Provided material:
^^^^^^^^^^^^^^^^
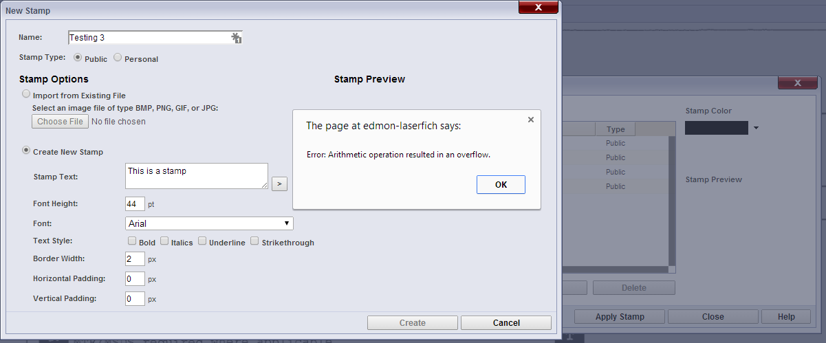 When creating a stamp with Laserfiche 9.1 users receive this error
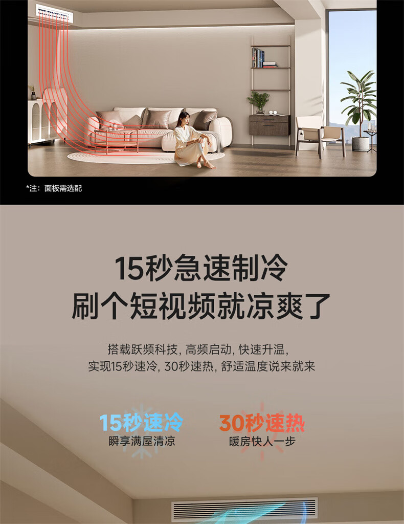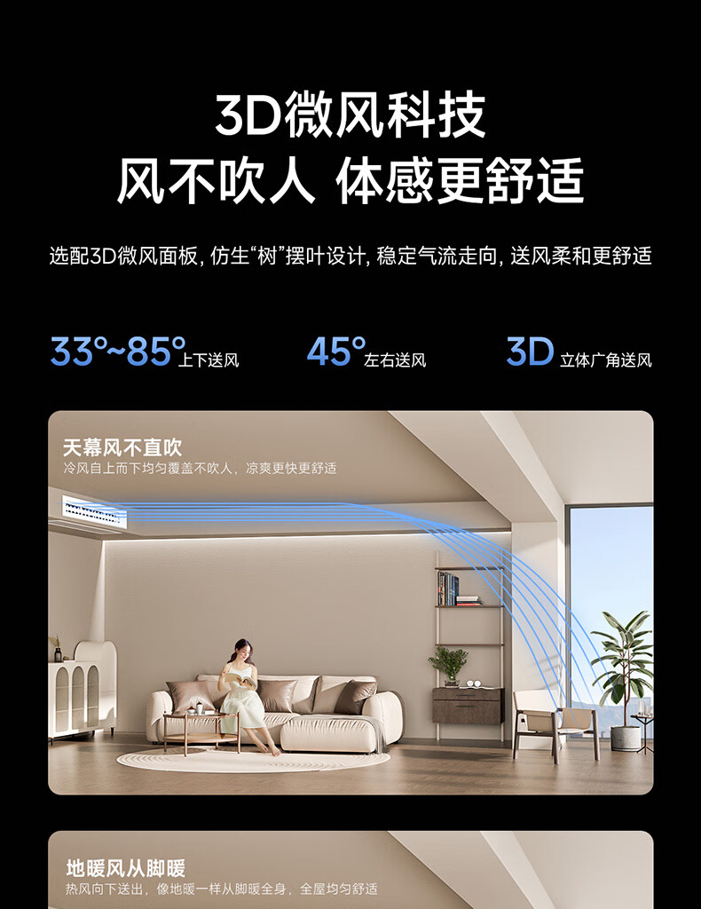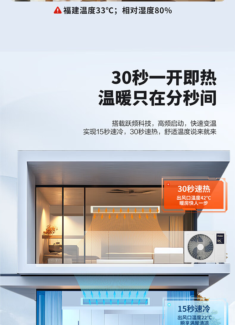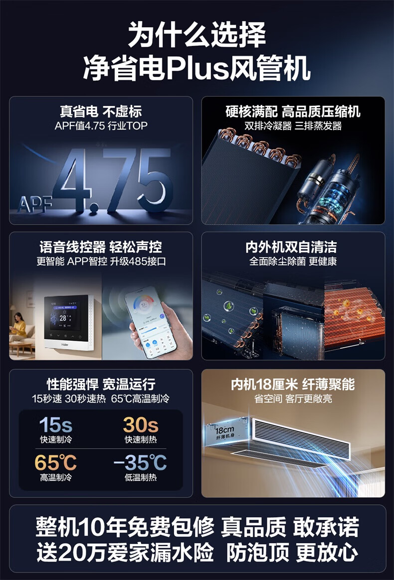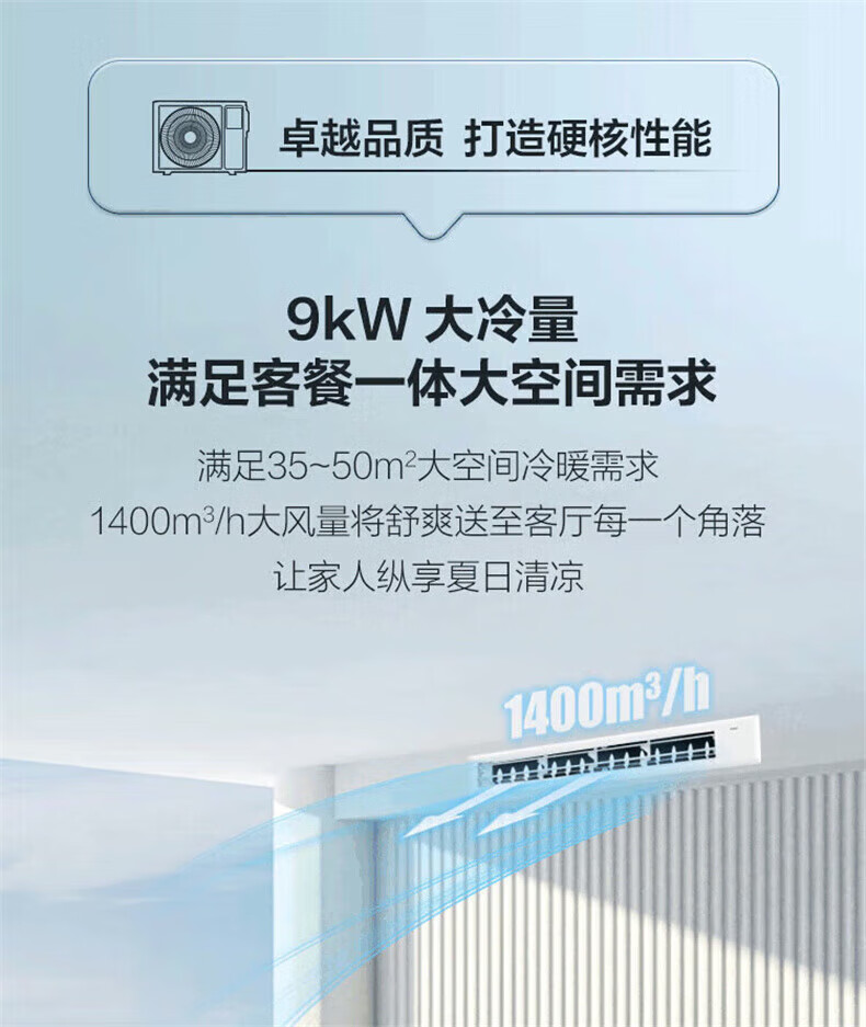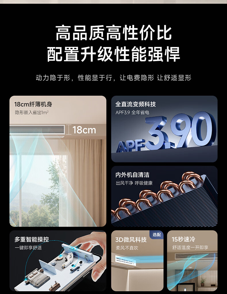 Haier instantly saves 15% when placing an order. Net power saving plus large 3 HP duct machine. One-to-one 3p central air conditioner. New level of energy efficiency. Yunjing Pro upgraded model with full DC inverter living room. Net power saving plus large 3 HP. Energy saving ceiling. Annual flagship new product.
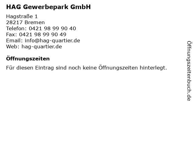 | Öffnungszeiten HAG Gewerbepark GmbH in Bremen anzeigen | |
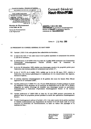 ordonnant la procédure d'aménagement foncier et fixant le périmètre dans la commune de BALLERSDORF. Resumé Pièces jointes ARRETE Assemblée : Non défini Date : 23/05/2011 Rapporteur : Non défini Collectivité : Conseil départemental du Haut-Rhin Direction : Non défini Service : Direction de l'Environnement et du Cadre de Vie Domaine : Autres (non classés) Commission :
^^^^^^^^^^^^^^^^
Task directions:
The expected output is the full material above, unaltered, with pictures removed.

Written reply:
 When creating a stamp with Laserfiche 9.1 users receive this error
 Haier instantly saves 15% when placing an order. Net power saving plus large 3 HP duct machine. One-to-one 3p central air conditioner. New level of energy efficiency. Yunjing Pro upgraded model with full DC inverter living room. Net power saving plus large 3 HP. Energy saving ceiling. Annual flagship new product.
 | Öffnungszeiten HAG Gewerbepark GmbH in Bremen anzeigen | |
 ordonnant la procédure d'aménagement foncier et fixant le périmètre dans la commune de BALLERSDORF. Resumé Pièces jointes ARRETE Assemblée : Non défini Date : 23/05/2011 Rapporteur : Non défini Collectivité : Conseil départemental du Haut-Rhin Direction : Non défini Service : Direction de l'Environnement et du Cadre de Vie Domaine : Autres (non classés) Commission :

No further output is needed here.